Join our new webinar “Harnessing AI Agents for Advanced Fraud Detection” on Feb 13th at 9AM PT  ||  Register today ->

ubiai deep learning

Ensuring Consistent LLM Outputs Using Structured Prompts

Dec 5th, 2024

 

picture of someone who opened ChatGPT tab on his laptop

 

Introduction

 

Large Language Models (LLMs) have revolutionized how we interact with technology, enabling a wide range of applications from content generation to data analysis. However, the effectiveness of these models heavily relies on the quality of the prompts provided.

Structured prompts are essential for guiding LLMs toward generating consistent, relevant, and accurate outputs.

This article dives into the strategies for crafting structured prompts, the significance of clarity and specificity, and the techniques that enhance the reliability of LLM responses.

 

Importance of Structured Prompts

 

Structured prompts are critical in optimizing LLM performance. They help define the context and expectations for the model, thereby reducing ambiguity and enhancing the relevance of the generated responses.

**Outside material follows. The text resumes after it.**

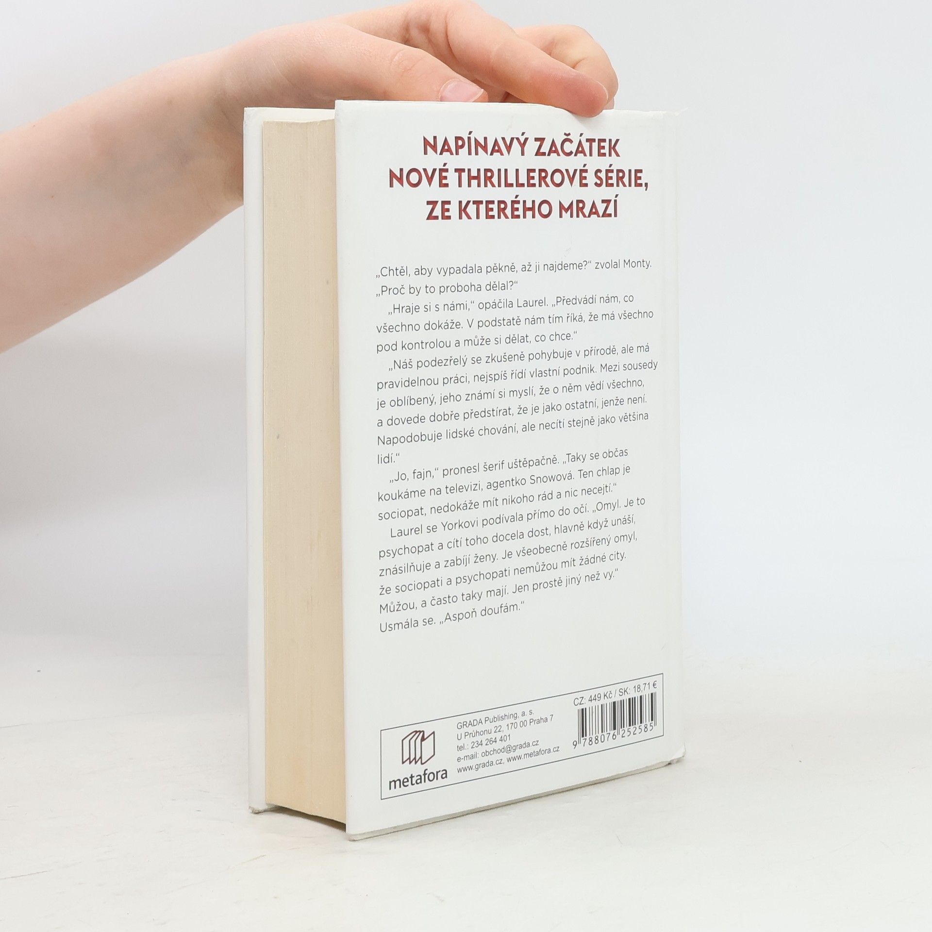 Zvláštní agentka FBI Laurel Snowová si předvánoční čas představovala docela jinak, ale když se v horách u jejího rodného města ve státě Washington najdou stopy řádění sériového vraha, rozhodne se vyrazit na místo činu a pustit se do pátrání. Svérázná mladá žena s výjimečnou pamětí, která z domova coby zázračné dítě odešla už v jedenácti letech na univerzitu, se díky znalostem psychologie pokouší vžít do myšlení násilníka, jenž se skrývá mezi spořádanými občany horského městečka. Pátrání jí komplikuje nejen drsné zimní počasí, ale také stíny vlastní minulosti a nekontrolovatelná přitažlivost, kterou pociťuje k Hucku Riversovi, bývalému vojákovi a rangerovi, který se stal proti své vůli jejím parťákem ve vyšetřování.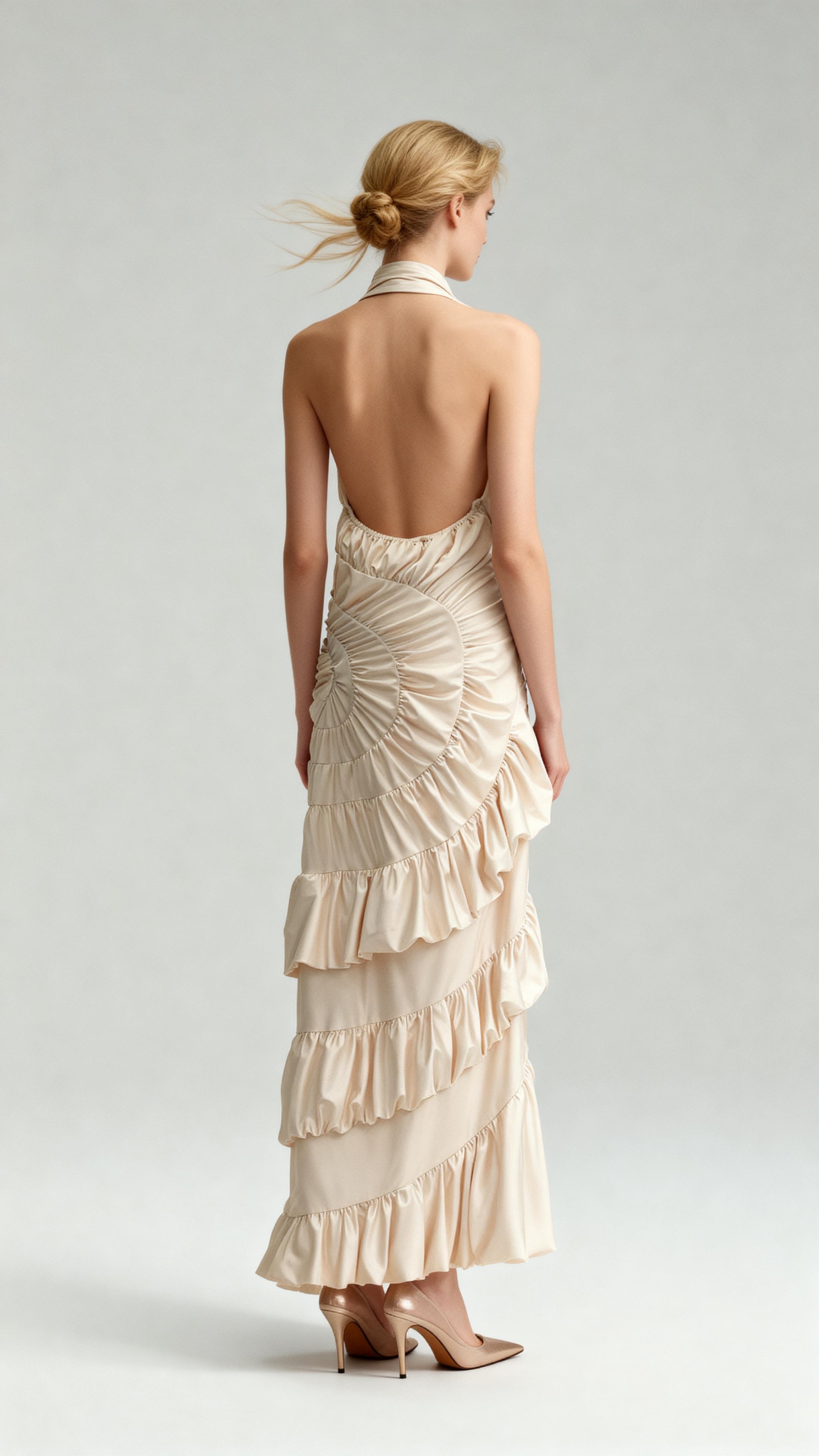Silhouette:Features a halter neckline + deep V-neck, with extensive spiral ruching across the skirt (extending from the waist down to the hem). The ruching creates a layered, wavy texture, and the hem boasts a highly draped maxi-length silhouette.

A well-structured prompt can significantly improve the model’s ability to understand the task at hand, leading to outputs that are not only accurate but also aligned with user expectations.

 

conversation between a user and OpenAI ChatGPT; the user asked “ help me write a good prompt” and ChatGPT answered him

 

The Role of Clarity and Specificity

 

One of the core principles of effective prompt engineering is clarity and specificity. Prompts should be articulated in a way that leaves little room for interpretation.

Vague prompts often lead to ambiguous results, hindering the model’s performance. For instance, instead of asking, “Tell me about climate change”, a more structured prompt would be, “Provide a summary of the causes and effects of climate change in three bullet points”.

This specificity guides the LLM toward a focused response, enhancing the overall quality of the output.

 

Contextual Information

Providing contextual information is another vital aspect of structured prompts. Context helps the model understand the nuances of the request, which is particularly important in complex tasks.

For example, if the user is seeking information about a historical event, including the time and geographical location can greatly assist the model in generating a more accurate response.

This approach not only improves the relevance of the output but also reduces the likelihood of the model generating irrelevant information.

 

Techniques for Crafting Structured Prompts

 

1. Use of Clear Separators:

Utilizing clear separators within prompts can enhance their structure.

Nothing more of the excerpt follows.